▶ [Brief] Nothing beyond the line containing "直接输入 print('hello') 这句代码, 按下" is to be printed; print exactly each line from the start of the records below through that line, leaving out pictures.

Start of Information given

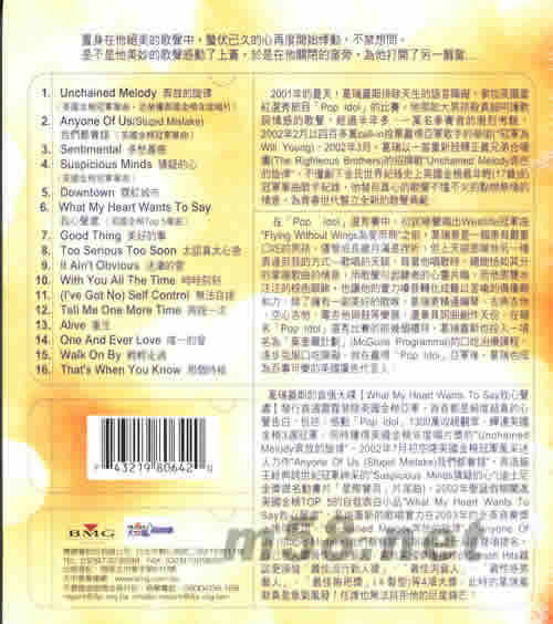 價格為估,以實到貨為準! What My Heart Wants To Say 我心深處(m58.net) 當歌聲可以感動一切時,言語 就不在重要 不畏語言障疑贏得英國電視臺上最大企創一2002POP IDOI新秀選拔賽亞軍歌手最激情勝出! 以3周冠軍曲“UNCHAINED MEIODY奔放的旋律”創下金氏世界紀錄最年青個人冠軍 得主 英國當紅平民小天王,已締造“UNCHAINED MELODY 的旋律”、“ANYONE OF US(STUPID MISTAKE)我們都會出錯”,“SUSPICIOUS MINDS猜疑的心”三首英國金榜軍曲,“WHAT MY HEART WANTS TO SAY我心深處”TOP5暢銷曲及4座SMASH HITS獎之首張英國金榜亞軍專輯
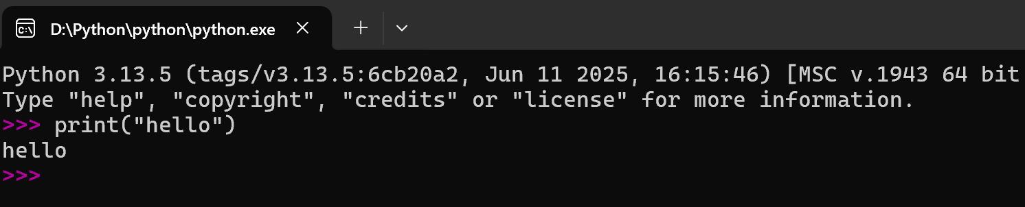 直接输入 print('hello') 这句代码, 按下 enter 键, 则打印出了 hello 这样的结果.
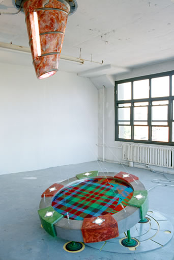 • Final Frontier, 2009 plexiglas, wood, plaster, nylon flocking, cast stone with decorative finish, stainless steel, monofilament, hardware, and light fixtures ceiling piece: 44" h x 32" x 32"; ground piece: 30" h x 75" x 60"
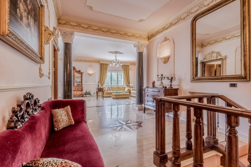 Velletri (rm) in zona prevalentemente collinare precisamente indicata come colle degli dei proponiamo in vendita una prestigiosa villa di mq 600 circa . L'immobile è stato costruito nel 1986 è posizionato su 4 livelli ed è inserito in un grande complesso residenziale molto signorile servito da un grande circolo sportivo con piscina e campi da tennis. all'ingresso del viale che conduce all'abitazione è situata un'area parcheggio ed un grande giardino con una stupenda fontana posta davanti ad una grande scalinata accompagnata da 4 altissime palme. un ampio giardino terrazzato precede la porta dell'ingresso principale della villa ove all'interno è presente un ampio corridoio di accesso con una imponente scalinata in legno che conduce al piano inferiore. Una delle porte del corridoio ci introduce in una romantica sala da pranzo in stile antico ed affianco c'è l'accesso all'appartamentino della servitù . Sul lato opposto del corridoio d'ingresso è collocata inoltre un ampia cucina abitabile . In fondo al grande ingresso sono disposte due sontuose colonne in marmo nero con capitelli bianchi che presentano un raffinato salone triplo di rappresentanza con camino fornito di pavimenti in marmo pregiato con stupende decorazioni . Le pareti hanno dei bellissimi stucchi veneziani con altre varie decorazioni . da un lato del salone un corridoio conduce a tre ampie camere da letto con relativi bagni . Una sinuosa scala posizionata in un'altro angolo del salone conduce invece al piano superiore ove i pavimenti sono di un favoloso e lucido parquet in legno pregiato che si estende per tutte le 5 camere da letto con i relativi bagni in camera . La suite matrimoniale possiede anche un camino ed grande balcone . Da una delle camere da letto del piano si raggiunge mediante una scala un'accogliente camera mansardata . Il piano terra presenta una ampia sala hobby con camino molto luminosa . In un lato della sala vi è l'accesso ad una bellissima sala biliardo . Sullo stesso lato vi è un disimpegno che conduce ad una zona notte con tre camere da letto con altri 3 relativi bagni . Nel disimpegno c'è una porta d'accesso ad una grande cantina e ad un ampio garage che può ospitare fino a 10 auto. L'immobile è fornito di impianto di riscaldamento autonomo e impianto d'allarme con telecamere per tutta l'area dell'immobile. Le finestre sono fornite di grate e gli infissi sono in legno e doppio vetro antisfondamento. Completano la proprietà ampi balconi ,una terrazza, ed un grande portico adornato da bellissime siepi . Nel piano terra ci sono 5 locali tecnici ed il proseguimento del giardino si immerge in un grande parco con alberi di alto fusto e piante da frutta per un totale di mq 2500 circa. La location è ideale per cerimonie ed è adattabile anche a casa di riposo e hotel . trattative riservate
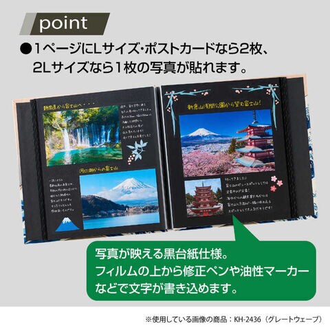 ・1ページにLサイズ、ポストカードサイズ2枚、2Lサイズなら1枚の写真が貼れます
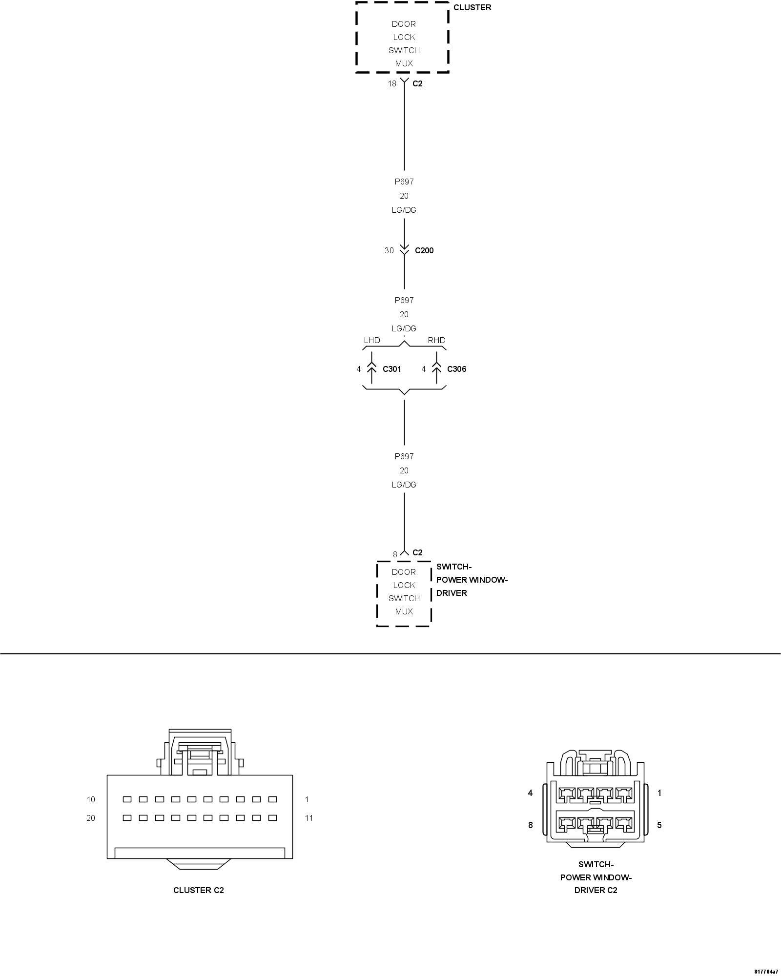 4. (P697) DOOR LOCK SWITCH MUX CIRCUIT SHORT TO GROUND
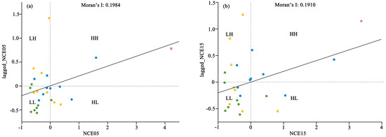 A region with a positive local Moran’s I value indicates that it has the similar values to its neighbors and the regions are called spatial clusters. In contrast, a negative value indicates the region has different values from its neighbors and the regions are called spatial outliers. Spatial clusters include high-high clusters (high value around is high) and low-low clusters (low value around in value), spatial outliers include high-low clusters (high value is low around) and low-high clusters (low value is high around) [44]. The results of all regions are shown in Moran scatter plots, while only regions that passed the significance test are shown in LISA (Local Indicators of Spatial Association) cluster maps. A Moran scatter plots has four quadrants, which are labeled as high-high (HH), low-low (LL), high-low (HL), and low-high (LH). All regions are scattered in these four quadrants based on their local Moran’s I index. Consistent with the Moran scatter plot, there are four types of regions in the LISA cluster map including high-high, low-low, high-low, and low-high regions, as well as high-high regions and low-low regions, also known as “hot spots” and “cold spots”, respectively [44].
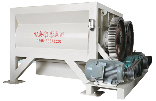该机为双轴高速搅拌机,高速双轴旋转叶片能够在短时间内将物料完全混合好。筒体内包不锈钢(1.2厘米)能够防止物料腐蚀筒壁,以达到使用寿命之长久。
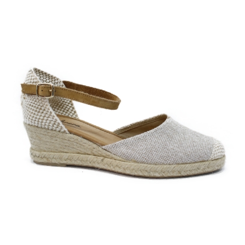 Cuña de esparto de lino en color plata. Corte cerrado en puntera con escote en pico.  Plantilla acolchada muy cómoda. Alpargata de yute media de 4 cuerdas cosida a mano.  Altura: 4 cm y 2 cm de plataforma. Modelo clásico para el verano, romerías o ferias.
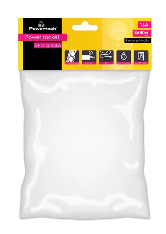 POWERTECH πολύπριζο ασφαλείας PT-994, 5+1 θέσεων schuko, 16A, 2m, μαύρο
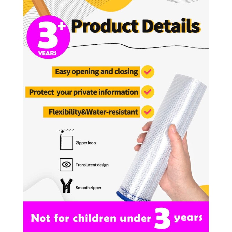 - Duraderas y portátiles: las bolsas con cierre SUNEE están hechas de material de vinilo grueso, resistente al agua, resistente a la humedad. Cada cierre de metal está equipada con un lazo de cuerda, que es fuerte y duradero. Se puede utilizar como un anillo colgante y listo para colgar.
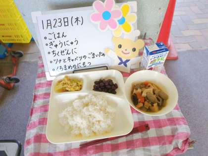 今日の給食は、ごはん、牛乳、筑前煮、ツナとキャベツのごまいため、黒豆の煮物です。
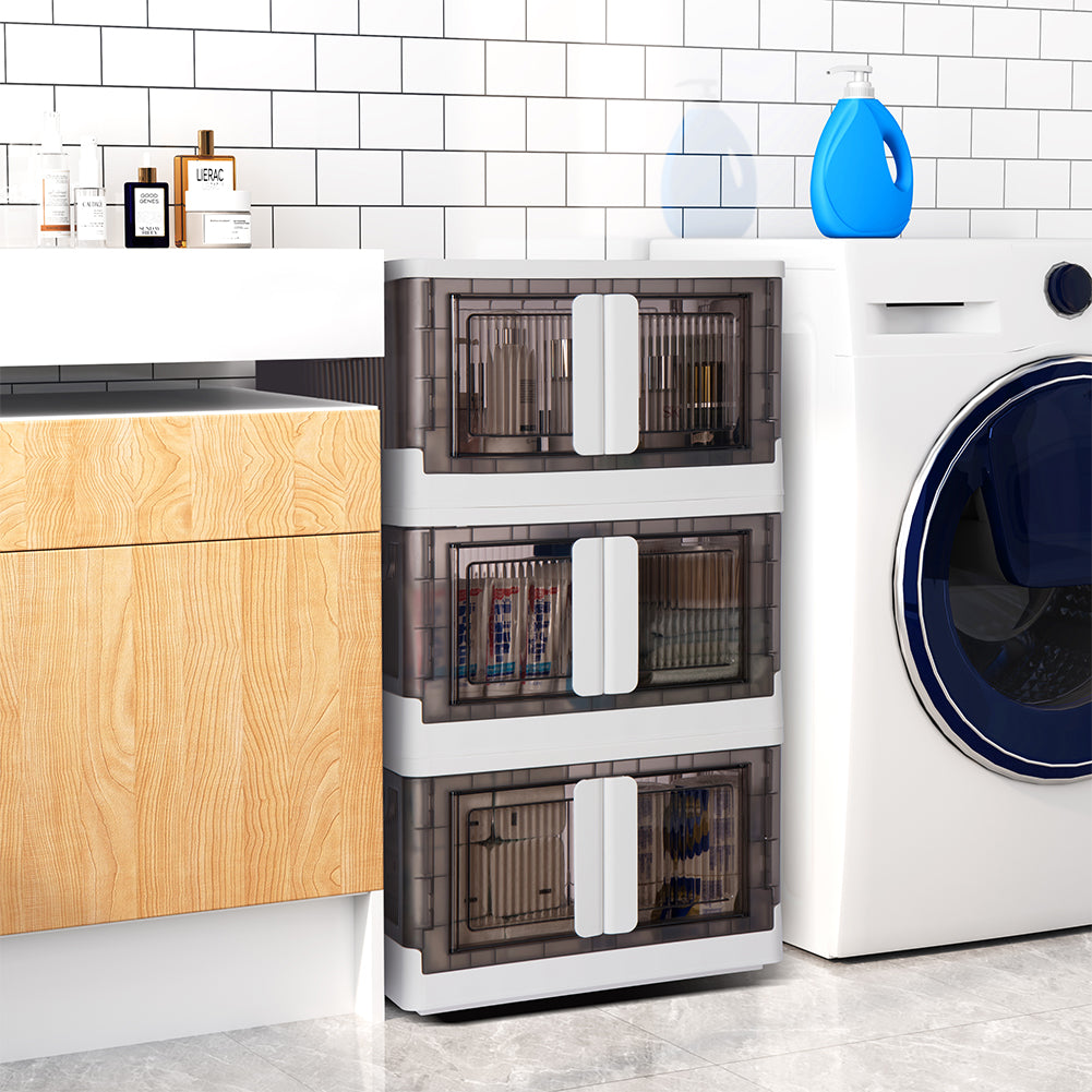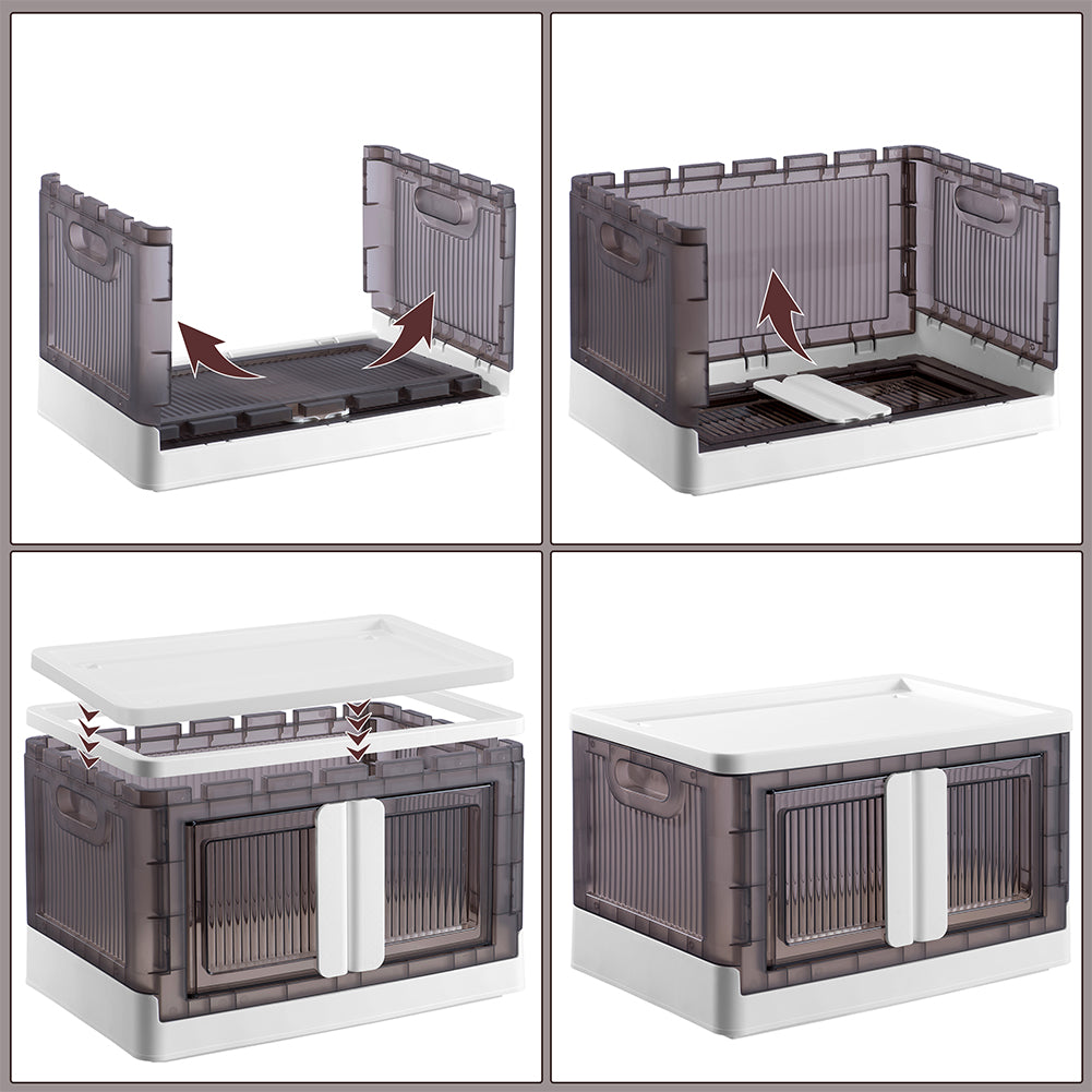 Questo portaoggetti in plastica utilizza un design pieghevole salvaspazio, Può infatti essere richiuso e collocato sotto il pavimento quando non viene utilizzato, senza occupare spazio.
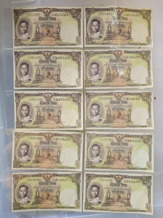 ธนบัตร รัชกาลที่ 9 ชนิดราคา 5 บาท แบบ 9 (โทมัส) สภาพสวย เลขสวย จำนวน10ใบ เคาะเดียว |
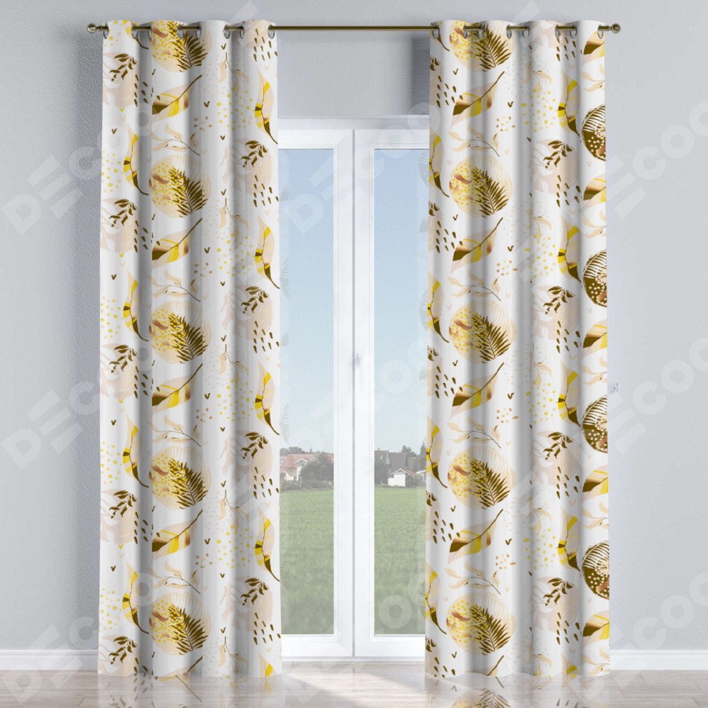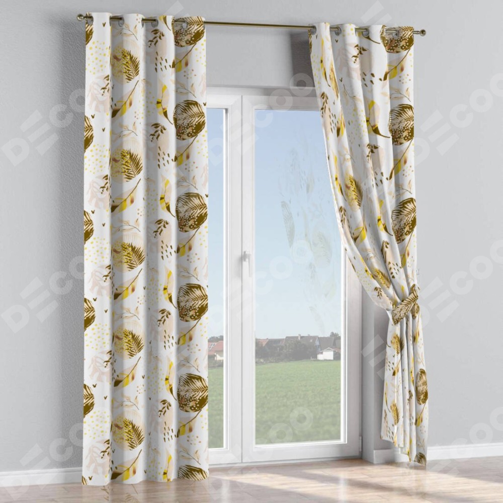 Комплект штор на люверсах «Золотые листья» отлично подойдёт для интерьера комнату, гостиная и спальня.

End of Information given

▶ [Answer]
 價格為估,以實到貨為準! What My Heart Wants To Say 我心深處(m58.net) 當歌聲可以感動一切時,言語 就不在重要 不畏語言障疑贏得英國電視臺上最大企創一2002POP IDOI新秀選拔賽亞軍歌手最激情勝出! 以3周冠軍曲“UNCHAINED MEIODY奔放的旋律”創下金氏世界紀錄最年青個人冠軍 得主 英國當紅平民小天王,已締造“UNCHAINED MELODY 的旋律”、“ANYONE OF US(STUPID MISTAKE)我們都會出錯”,“SUSPICIOUS MINDS猜疑的心”三首英國金榜軍曲,“WHAT MY HEART WANTS TO SAY我心深處”TOP5暢銷曲及4座SMASH HITS獎之首張英國金榜亞軍專輯
 直接输入 print('hello') 这句代码, 按下 enter 键, 则打印出了 hello 这样的结果.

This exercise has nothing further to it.